Year end 2011 was more challenging than recent years for many of our Clients and payroll software partners, due to the 21 FUTA Credit Reduction States. For 2012, there are 25 states currently up for possible FUTA credit reductions. Coming fresh off of preparing and filing the payroll tax returns and payroll tax deposits for 4th quarter 2011 seems to me the best time to start preparing for year end 2012. At Payroll Tax Management, we are taking lessons learned from year end 2011 to proactively prepare our clients for year end 2012, when many of the same states are likely to face FUTA credit reductions again.

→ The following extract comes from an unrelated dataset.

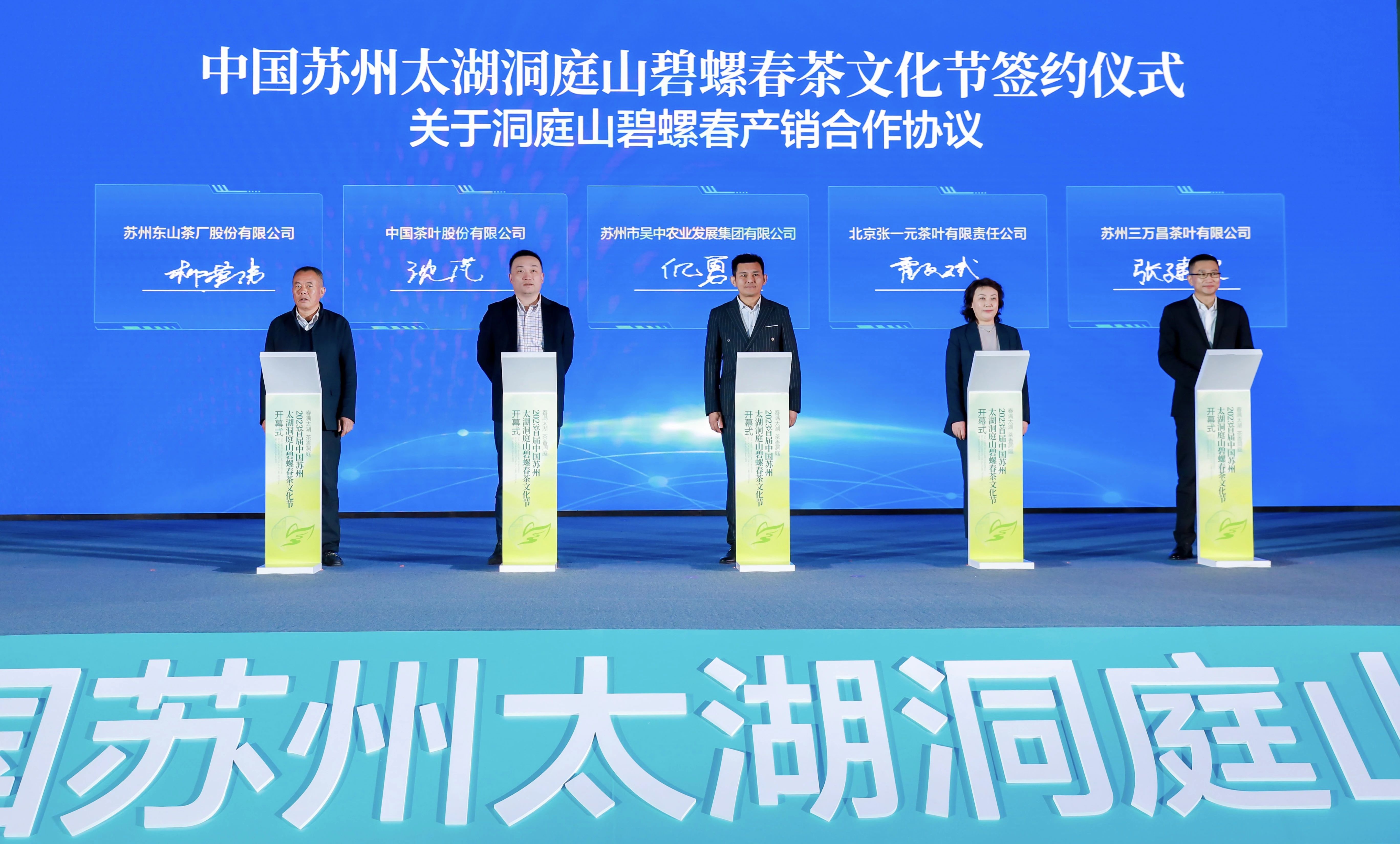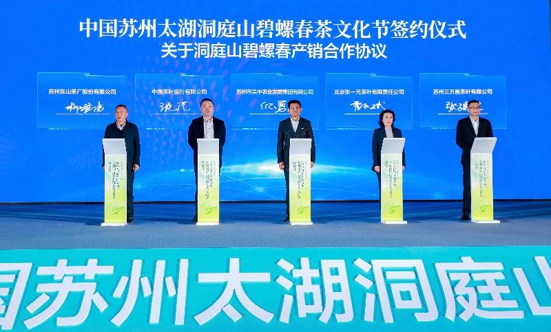 吳中農(nóng)發(fā)集團(tuán)、中國(guó)茶葉股份有限公司、蘇州東山茶廠股份有限公司、北京張一元茶葉有限責(zé)任公司、蘇州三萬(wàn)昌茶葉有限公司簽訂產(chǎn)銷合作協(xié)議。

1. Collect FUTA from clients at expected credit reduction rate. Beginning with 1st quarter, 2012, collect FUTA taxes from clients at the expected higher rate, but do not remit the entire amount.
Instead, remit taxes at the standard FUTA rate and hold the additional in your tax impound account. Continue to collect in this manner for each quarter in 2012. When processing Federal payroll taxes for 4th quarter 2012, you will already have the additional amount each client owes if their state ends up with a FUTA credit reduction. If their state does not end up with a FUTA credit reduction, you can simply refund the overage to your clients. Most clients will appreciate not having to come up with additional money at the last minute. Check the Department of Labor Website http://www.dol.gov/ for updates on states that face credit reductions in 2012.
2. Pay extra close attention to Prepays from mid-year starts. When implementing clients mid-quarter or mid-year, ensure you are correctly adding prior data files from the clients’ prior payroll processor. Run a calculation to determine the FUTA rate that was being used by the prior payroll processor. Apply the first rule above and retroactively collect additional FUTA tax for prior quarters using the potential credit reduction rate.
3. Follow up with your software and service providers. Given that many of the 2011 FUTA credit reductions states may also be up for credit reductions in 2012, tax compliance software developers should be more prepared this year. It will not hurt to follow up now and then a couple more times later in the year, just to ensure your system will be able to process the data correctly or export a correct and complete file to your tax filing service.
What steps are you taking to prepare your staff and your client base for potential FUTA credit reductions in 2012?